SQL and algebra are not esoteric languages.

For most devs, they are.

Who is using APL and J these days? I guarantee 90+% of Claude users are developing CRUD web apps, or something similar. Your point about algebra is a non sequitur to what people are actually developing for these days.

Duolingo simply does not work for actually learning a language. It's better to use something where you practice immersion learning, preferably with other people and there are apps for this online too.

It sure does a little bit, but a) quality varies a lot - some courses can get you from zero to dos cervesas por favor, some are just poorly structured noise that has no chance of sticking in mind; b) doesn’t explain grammar (it’s an exception when it does), so results greatly vary on preconditions like languages you’re already familiar with and can relate - anything too foreign and you’ll have hard time trying to understand how those examples generalize.

Duolingo it got me just enough Spanish (with zero prior knowledge) to get around, communicate basic needs (like a caveman, sure) and understand simple instructions, all without putting serious effort to learn language properly (putting serious effort into it) but only casually, as a side task.


Duolingo does work for those A1-B1 levels it has courses for. At minimum, it got me where I was able to switch to netflix.

> I do systems programming.

I'll stop you right there. AI is not good at systems programming, it's good at CRUD web development, which is where most people are seeing the gains.
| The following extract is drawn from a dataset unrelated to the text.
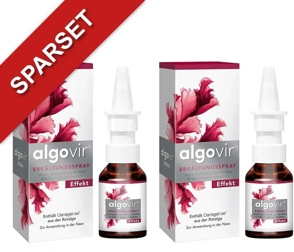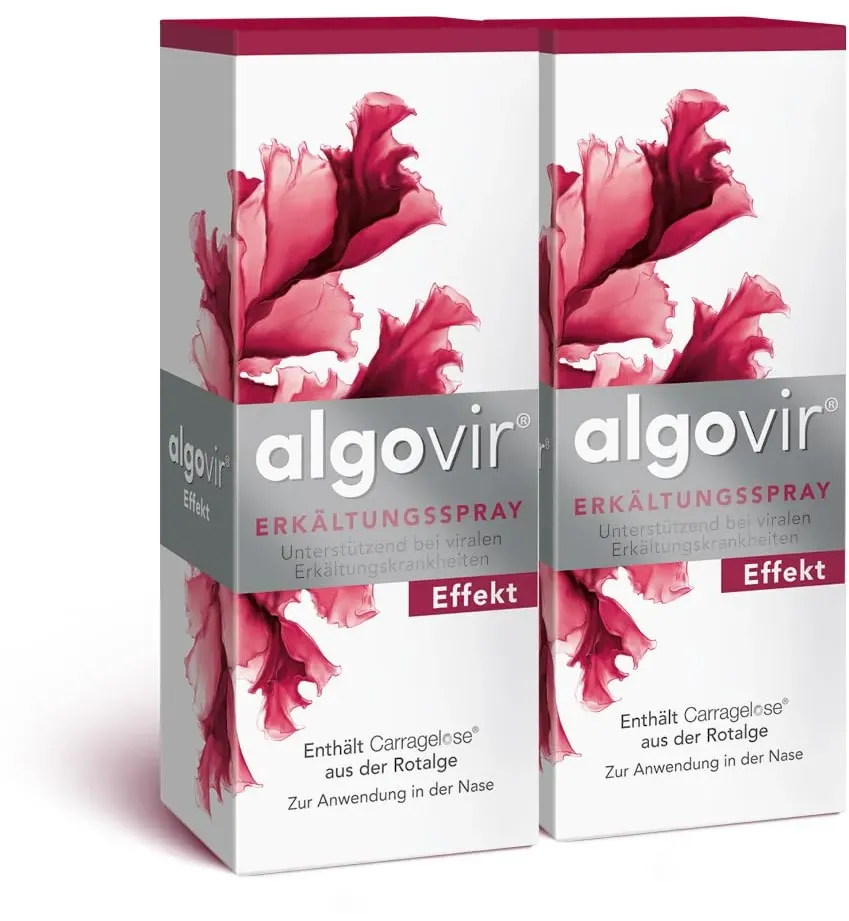 Verfügbarkeit: 1-2 Werktage - 24,49 €/Set - Kategorie: Arzneimittel - ALGOVIR - GTIN:4150800254168 - PZN:80025416 - Algovir Effekt Erw + Kinder Erkältungssp 1 Set - rezeptfrei - von Hermes Arzneimittel GmbH - - 1 Set - 24,49 Euro bei DocMorris Apotheke - gefunden von billiger.de Ein Doppelpack des Algovir Effekt Erkältungssprays, der eine gute Ersparnis gegenüber dem Einzelkauf bietet. ![]() ![]() algovir® Effekt Erkältungsspray 2 x 20 ml zur Abwehr von Erkältungsviren, kann vor einer Erkältung schützen, Nasenspray mit naturbasiertem Wirkstoff aus der Rotalge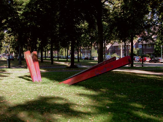 Geldersedam / hoek W. van Nassaulaanafmetingen: (korte balken) 190 x 20 x 30 cm; (lange balken) 540 x 20 x 30 cmmateriaal: staal, rood gespoten datering: 1986 vervaardigd door: John van Nistelrooy Vier symmetrisch opgestelde rode stalen balken die met een uiteinde in het gras steken. De twee korte staan bijna verticaal en de twee lange zijn bijna horizontaal geplaatst. Het kunstwerk is tot stand gekomen in opdracht van de gemeente in het kader van de stadverfraaiing. | 103 |

I think antirez mentioned somewhere he considered it particularly good at systems programming.

Depends what it's used for, generally I've seen that due to the paucity of C or Rust etc training data vs Javascript and TypeScript, LLMs aren't as good at the former vs the latter.

This is a myth in my experience. LLMs are good at all the kinds of programming I've tried using them on, including many cases that are very far from "CRUD web development".

>95% of software development is crud.

It's really not, though. As soon as systems have to scale, regulatory requirements come in, etc. it becomes more complex.

AI has solved simple CRUD, yes, but CRUD, was easy before.


Europe is easiest to fire? I would've thought the opposite.

depends on the country, i would guess.

but firing because "ai makes us more productive" is basically impossible in most eu countries.